Uno degli aspetti unici del mercato di Panjiayuan è la sua atmosfera: un brusio di negoziazione che raggiunge complessivamente svariati centinaia di decibel di compra-vendita, soprattutto nei fine settimana quando è più affollato. La disposizione poi all’aperto, parte sotto una grande struttura in metallo del mercato, ma la maggior parte riparata da ombrelloni, aumenta il suo fascino.

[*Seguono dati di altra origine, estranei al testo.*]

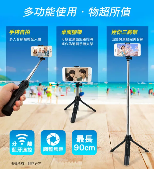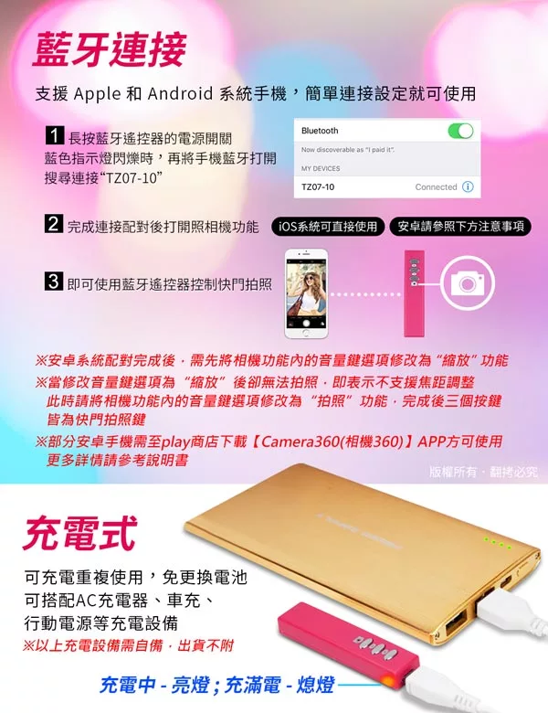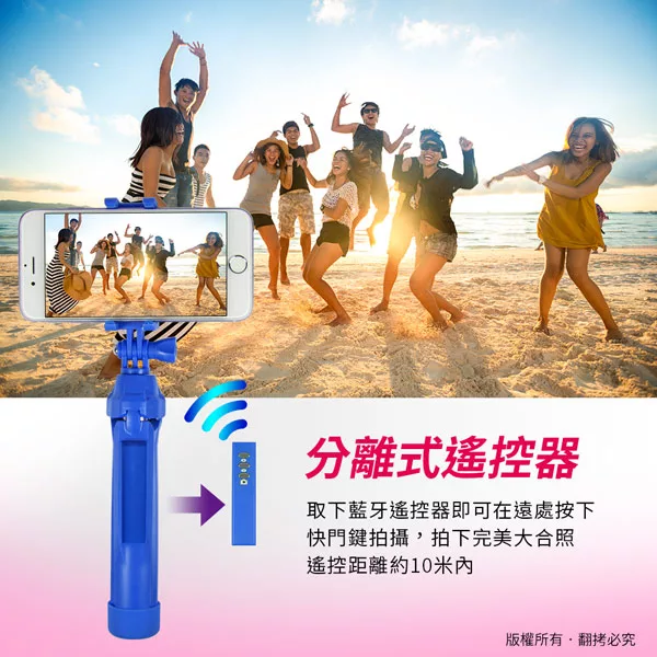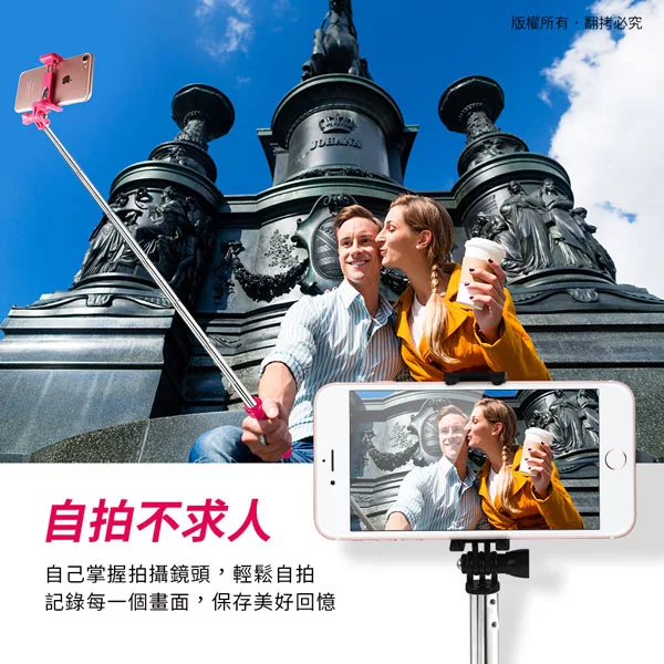 使用手機藍牙快門遙控器即可輕鬆拍出漂亮的自拍照。免組裝簡單

Nonostante i cambiamenti che stanno attraversano la China del dopo-covid e del neo-isolazionismo, il mercato di Panjiayuan conserva ancora il suo fascino autentico e caotico. È il luogo dove si può assaporare maggiormente la tradizionale “cultura del mercato” in China.

Come ho detto sopra, gli stranieri che ho incontrato durante tutta la settimana sono stati pochissimi, a fronte invece di vasti gruppi di Chinesi in visita nella Capitale: un vero assalto del “turismo interno”. Qui comunque, lontano dalle zone più eleganti e turistiche della città, l’atmosfera è ancora molto vera, tanto da ricordarmi i miei primi viaggi in questo paese, 25 anni fa.